Rather a joint than a pill during lockdown

More than 20% of TU students say that they have used more cannabis since the corona crisis started. And they do so more often alone. These are the findings of a Delta survey.

TU Delft students have used more cannabis since the crisis started. Out of boredom or curiosity, but often because of stress. (Photo: GRAS GRÜN / Unsplash)

What does this article discuss?

  • More than one quarter of TU Delft students say that they have consumed more alcohol since the corona crisis started in March 2020. However, almost the same percentage consumes less alcohol.
  • On average, EEZ students from abroad have drunk three glasses of alcohol more every week since the first lockdown than before the crisis. Dutch students consumed less than before.
  • More than 20% of the students use more cannabis.
  • Rates of XTC, hallucinogenics and inhalation drug use, such as laughing gas, dropped during the corona crisis.

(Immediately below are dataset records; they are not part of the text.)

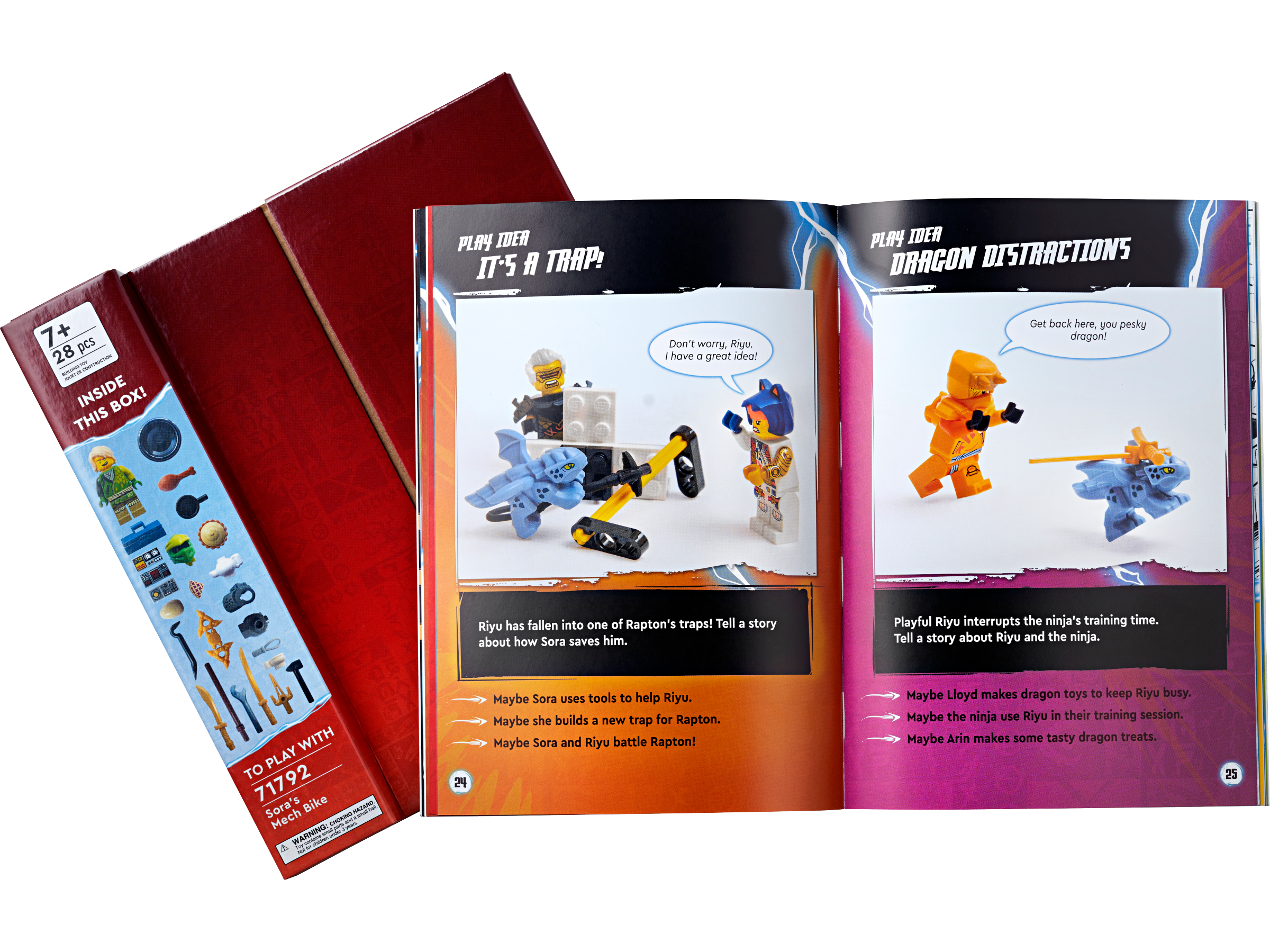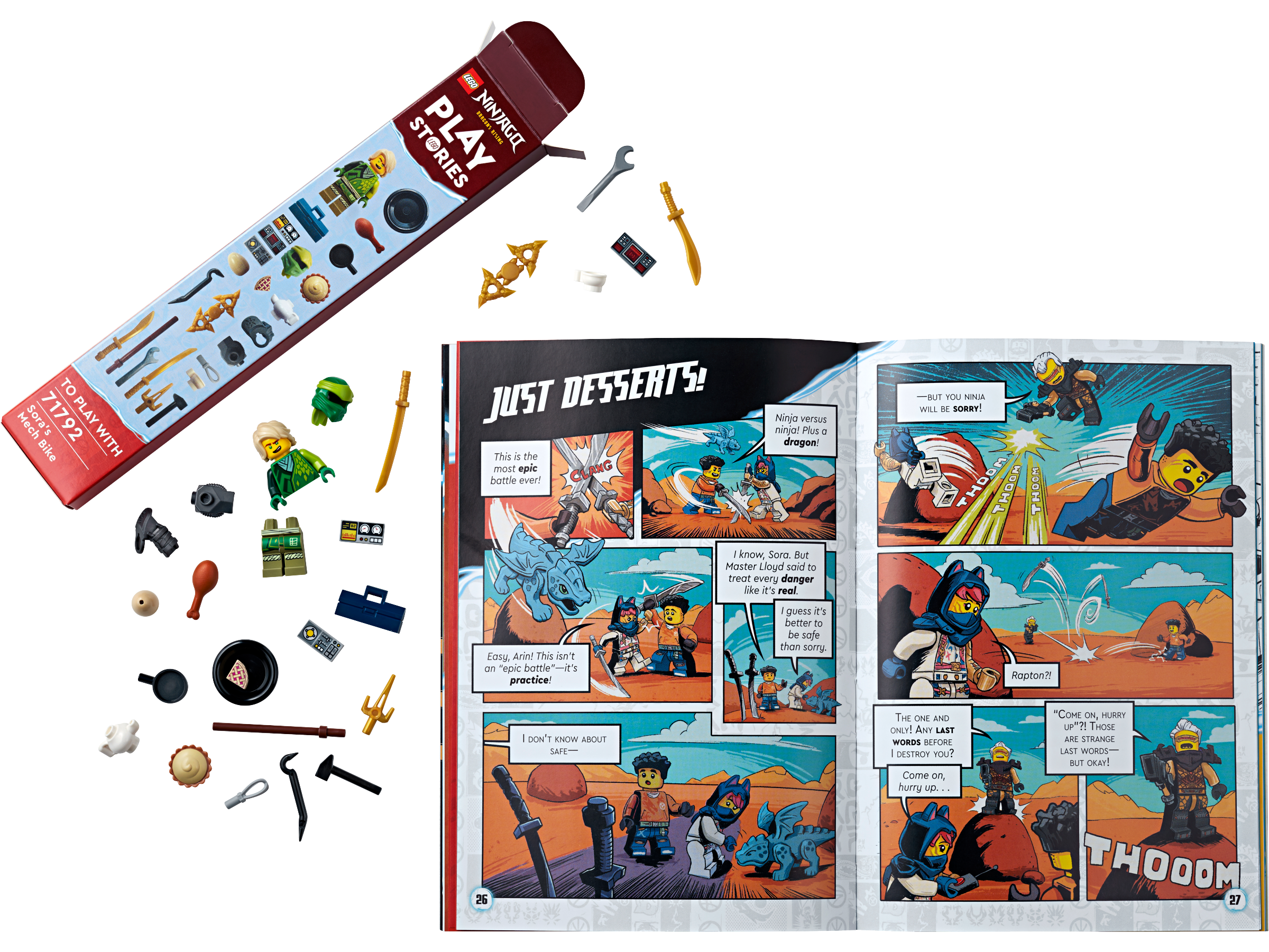 Ebenso 5007946 Spielgeschichten für NINJAGO's 71792 Soras verwandelnder Mech-Bike-Rennfahrer nennt das Set Soras Mech-Bike. Es scheint wahrscheinlich, dass es sich dabei um in der Entwicklung befindliche Namen für die Modelle handelte, aber die Satznummern machen deutlich, welcher Satz zu welchem Buch gehört.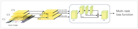 The pyramid structure of the FPN feature map was employed to enhance the detection of small-sized faces. In the fatigue detection scene of the dispatcher, the face area in the collected image accounts for a moderate proportion of the original image. Therefore, in RetinaFace, the P2 and P6 layer structures of the original feature pyramid network of the model can be removed, which greatly improves the reasoning speed and accuracy of the model. The feature pyramid network designed in this paper is shown in Figure 4.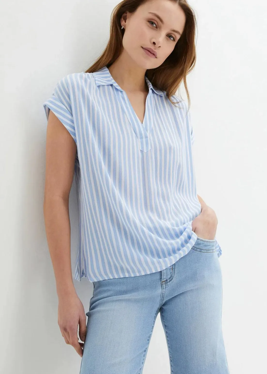 Luftige Kurzarm-Bluse mit Streifen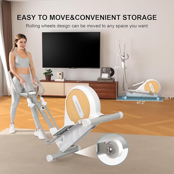 • SPACE-SAVING, DURABLE, AND EASY TO MOVE: Built with a heavy-duty steel frame and 330 lb capacity,this portable elliptical is made to last.Compact footprint (47"x20"x65") fits in any room and saves 20% more space than typical foldable ellipticals.Front transport wheels make it easy to relocate or store.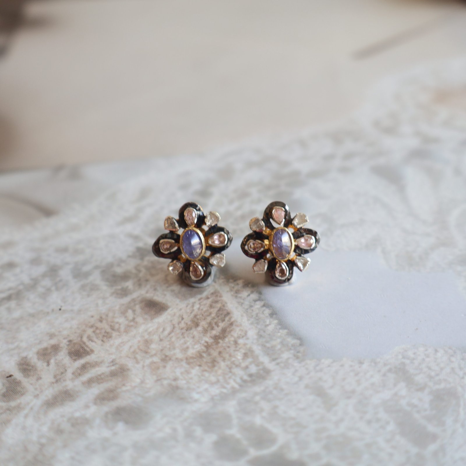 Premium handcrafted Natural Diamond Polki earrings featuring vibrant Rubellite and royal Tanzanite gemstones, crafted in high-quality 925 sterling silver for a luxurious statement look.
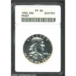 1953 50C PR66 ANACS. Dappled russet iridescence rings the peripheries of this otherwise untoned, silver-white Gem. Brilliant in finish, the surfaces are expectantly pristine for the PR66 grade level. Important notice: We expect to be auctioning lots at the rate of 200-250 per hour. Sometimes eBay Premier live bid software cannot keep up with that pace, so we strongly recommend that you place a realistic proxy bid now as insurance to avoid disappointment. Also please note that all Heritage/CAA lots purchased through eBay Premier carry a 20% Buyer's Premium. Please make sure you read the Terms and Conditions.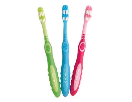 Escova de dentes indicada para crianças com idade entre os 7 e os 12 anos.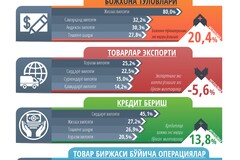 Таҳлил қилинаётган даврда Ўзбекистон Республика товар-хомашё биржасида тузилган битимлар ҳажми 4,4%га камайди. Шу билан бирга, биржа фаолиятининг ўсиши Сирдарё (9,8%) ва Андижон (5,8%) вилоятларида, Қорақалпоғистон Республикасида (9,2) ва Тошкент шаҳрида (3,1%) қайд этилди.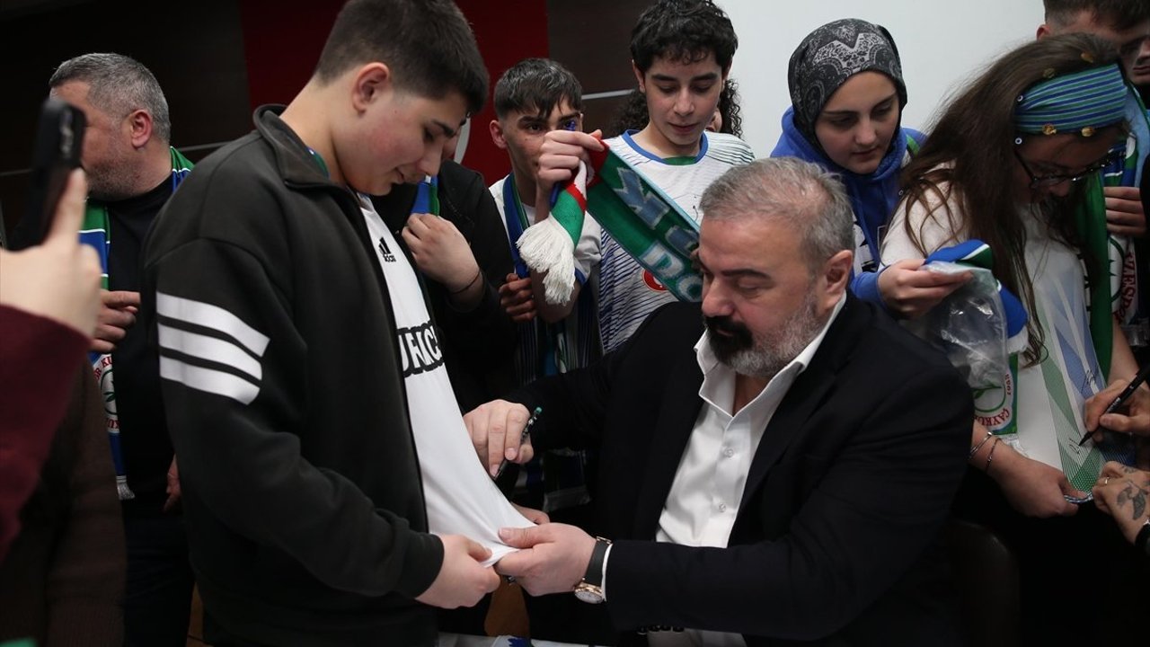 RİZE (AA) - Trendyol Süper Lig ekiplerinden Çaykur Rizespor'un kulüp başkanı İbrahim Turgut, teknik direktör Recep Uçar ile futbolcular Mithat Pala ve Samet Akaydin, lise öğrencileriyle bir araya geldi.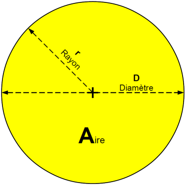 Aire (surface) d'un disque : \(\large{\textcolor{blue}{\mathbf{S = \pi \times \frac {D^{2}}{4}}}}\) avec \(\left\lbrace \begin{array}{lll} \text{S : surface du disque }( m^{2}) \\\text{D : diamètre du disque (m)} \\\text{r : rayon du disque (m)} \end{array} \right.\)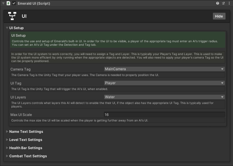 Open the UI Setup foldout and assign your player's Camera Tag, your UI Tag (typically your player's tag), and the UI Layers (typically your player's layer). Your player must be properly set up with Emerald AI for this to work. This means it needs to have an EmeraldGeneralTargetBridge or an EmeraldPlayerBridgescript (will also work if its a custom script derived from EmeraldPlayerBridge).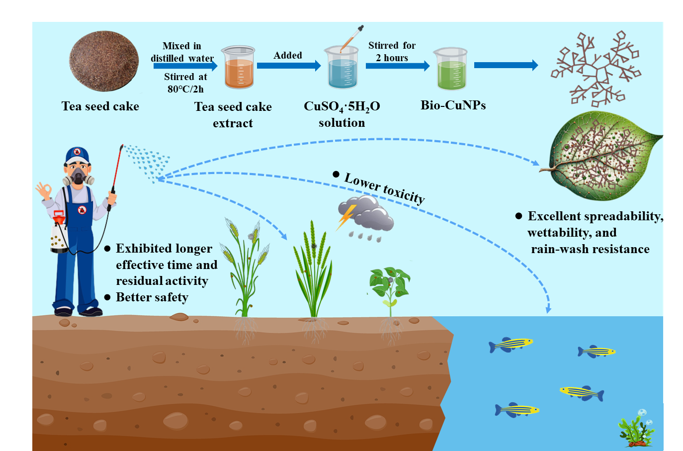 铜制杀菌剂是一种常用的保护性杀菌剂,但其不耐雨水冲刷,导致铜的瞬时大量释放,进而引发严重的环境污染与生态风险。本研究以五水硫酸铜和茶籽饼的水提取液为反应原料,利用生物合成技术成功制备纳米氧化铜(Bio-CuNPs)。这种Bio-CuNPs具有独特的树枝状三维拓扑结构,与商品化铜制剂可杀得(Kocide)相比,在番茄、水稻和小麦叶片上展现出更佳的润湿与铺展性能。室内模拟雨水冲刷试验显示,Bio-CuNPs在植物叶片表面的滞留量比Kocide高出75.89%至84.31%,表现出卓越的耐雨水冲刷能力。透射电子显微镜观察揭示,这一特性的实现得益于Bio-CuNPs的三维结构与叶片微纳结构的紧密嵌合。室内毒力测定进一步证实,Bio-CuNPs对稻瘟病菌和番茄溃疡病菌的防治效果及持效期均优于Kocide。非靶标生物安全性试验表明,Bio-CuNPs对小麦幼苗生长无影响,且对斑马鱼的毒性远低于Kocide,是其毒性的五分之一。此外,土壤生态系统评估实验显示Bio-CuNPs与大肠杆菌生物相容性良好。综上所述,Bio-CuNPs有望成为传统铜制杀菌剂的环保替代选择,展现出广阔的应用前景。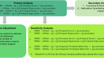 Genes of interest previously identified in the literature in studies investigating PND and DNA methylation [15, 17, 27, 31] were also analyzed separately. In this analysis, adjustment of the p value for multiple comparisons was based on the number of CpGs in the genes of interest, according to the Illumina manifest. Included genes of interest were: nuclear receptor subfamily 3 group c member 1 (NR3C1), collagen type VII alpha 1 chain (COL7A1), zinc finger protein 575 (ZNF575), maternally expressed gene 3 (MEG3), solute carrier family 6 member 4 (SLC6A4), hydroxysteroid 11-beta dehydrogenase 2 (HSD11B2), FKBP prolyl isomerase 5 (FKBP5), brain derived neurotrophic factor (BDNF), insulin like growth factor 2 (IGF2), PLAG1 like zinc finger 1 (PLAGL1), mesoderm specific transcript (MEST), and paternally expressed 3 (PEG3) [15, 17, 27, 31].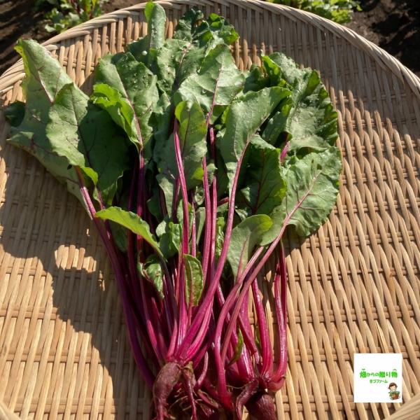 こちらのビーツの葉は、埼玉県産で、畑からの贈り物きづファームが有機肥料を入れて、栽培期間中農薬不使用・化学肥料不使用で育てた野菜です。ビーツの葉や茎には、根よりもはるかに高い栄養素が含まれているそうです。ビーツの葉や茎を生でそのまま食べるには少しクセがあります。食べやすくするために簡単な下処理をしてください。ビーツ特有の色素や栄養が溶け出してしまうため、蒸すことをおすすめします。下処理が終わりましたら、そのままおひたし、サラダ、にんにくで炒めた炒め物などでお召し上がりください。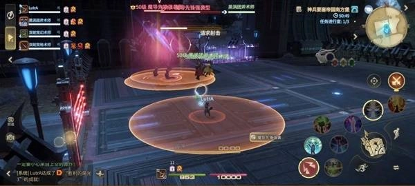 超荷技能:BOSS会移动至场地中央位置,对自身周边的圆形区域以及环形区域发动范围伤害(AOE),玩家需及时走位到安全区域进行躲避。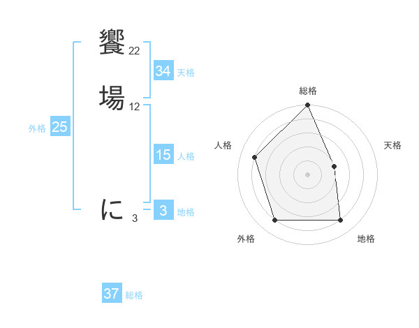 饗場 にさんの総格は37画の5点!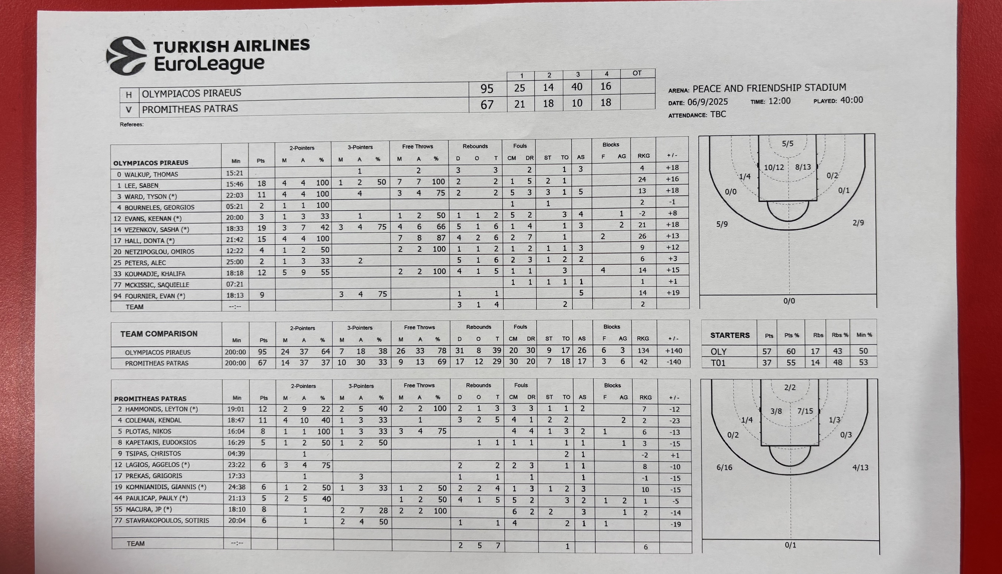 Με τους Κίναν Έβανς, Τάισον Γουόρντ, Ντόντα Χολ, Όμηρο Νετζήπογλου να ντεμπουτάρουν ανεπίσημα με τα ερυθρόλευκα [όπως κι ο Καλίφα Κουμάντζε, που βοηθά στην προετοιμασία] και τον κόουτς Γιώργο Μπαρτζώκα να δοκιμάζει πολλά διαφορετικά σχήματα, δίνοντας χρόνο συμμετοχής σε όλους τους διαθέσιμους παίκτες του, ξεκίνησε η ομάδα μας τα φιλικά προετοιμασίας της ενόψει της νέας σεζόν. Με εντυπωσιακό τρίτο δεκάλεπτο (επιμέρους σκορ 40-10), οι Πειραιώτες επικράτησαν 95-67 του Προμηθέα Πατρών ξεκινώντας με τον καλύτερο τρόπο τα φιλικά τους για το 2025/2026.
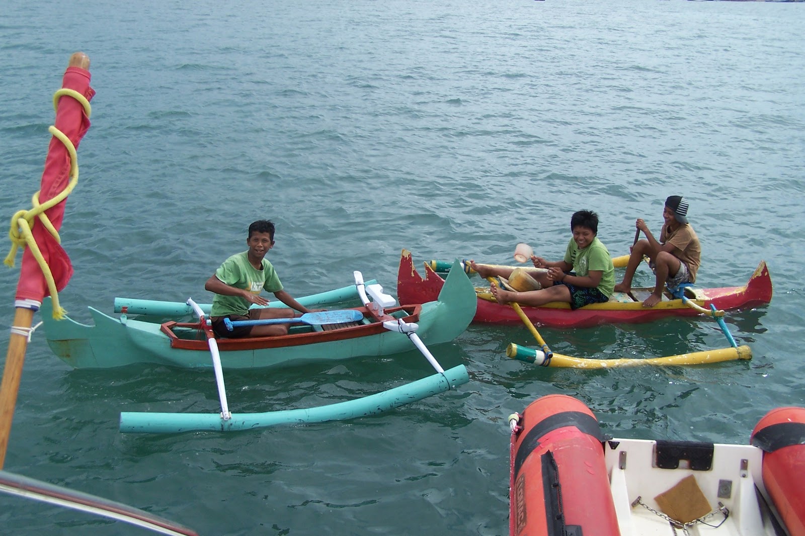 Siamo ancorati davanti all' abitato di TAMBAK e anche qui si sentono le litanie del muezzin. In effetti, nella sortita al paese questa mattina, si vedevano molte donne con il velo ma non tutte. Tutte pero'ci lanciavano occhiate incuriosite e infuocate, per via della primordiale legge della variabilita' genetica. Tambak e' stata una vera sorpresa: scesi con il gommone e percorsi alcuni vicoli bui e stretti ci siamo trovati all' improvviso nel caos vociante da souk arabo della via principale. Stipata all' inverosimile di moto, pullmini, pedoni, riscio' a pedali - il taxi locale - tutti compressi tra due ali di ogni sorta di mercanzie su banchetti, sgabelli, per terra. Ma la novita' non era tanto questo mercatone - ne abbiamo visti altri - quanto noi per loro. Due bianchi barbuti e baffuti, cosi' diversi, arrivati con quella strana astronave che galleggia la fuori tra i loro prahos...-who are you from ?- Italia. Cos' e' ? Dov' e' ? Alieni.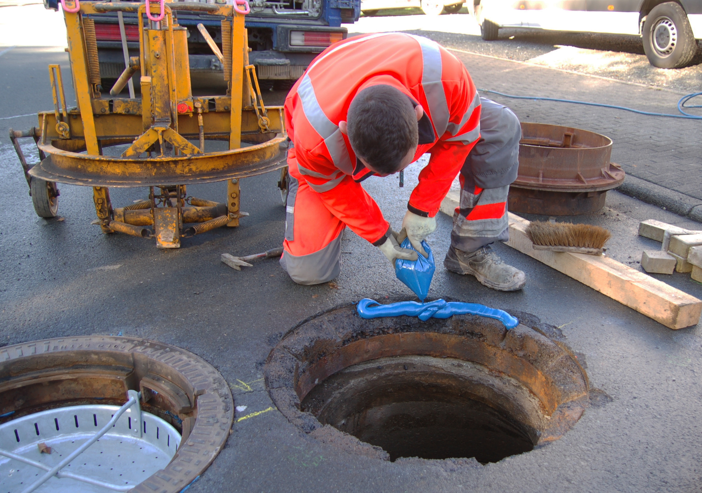 Die Gemeindewerke Burbach sind ein zertifizierter Betrieb für die Anbindung von Schlauchlinern mit dem flexiblen Epoxidharz Harz8 der resinnovation GmbH. Meik Pistor, Sachbearbeiter Kanalbau und –betrieb von den Gemeindewerken Burbach, weiß um die Stärken des roten Epoxidharzes, deshalb entschied er sich für die Sanierung zweier besonders sanierungsbedürftiger Schachtabdeckungen für dessen blauen "Kollegen" FlexyPox, der die gleichen Eigenschaften mitbringt und speziell für die Schachtrahmenregulierung entwickelt wurde.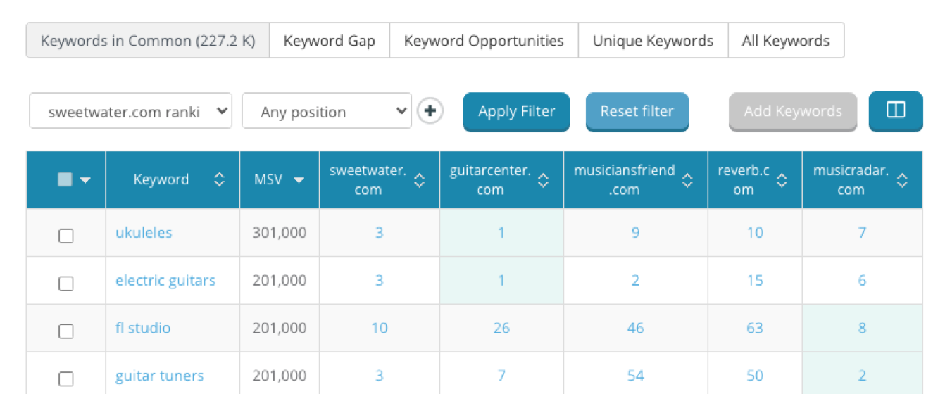 Below the chart we can see the ranking keywords for each site. In addition to Keyword Gap and Keywords in Common, we’ve added 3 more intersection types for even more flexible ways of comparing each site.

Designer drugs such as 3-MMC increased.
  • Fifty-three percent of the students do not have their drugs tested beforehand.
  • Are students who use more alcohol and drugs during the corona crisis more prone to addiction? Ruben van Beek, scientific staff member at the Trimbos Institute answers.
  • What are the risks of ‘party desperation’ – the intense need to party?

What is the situation of the drugs and alcohol use among TU Delft students before and during the corona crisis? Delta asked students in detailed survey. About 360 students answered. These are the results.

One quarter of TU Delft students say that they have consumed more alcohol and more than 20% more cannabis since the corona crisis started in March 2020. Rates of XTC, hallucinogenics and inhalation drug use such as laughing gas dropped during the corona crisis. Designer drug use such as 3-MMC increased.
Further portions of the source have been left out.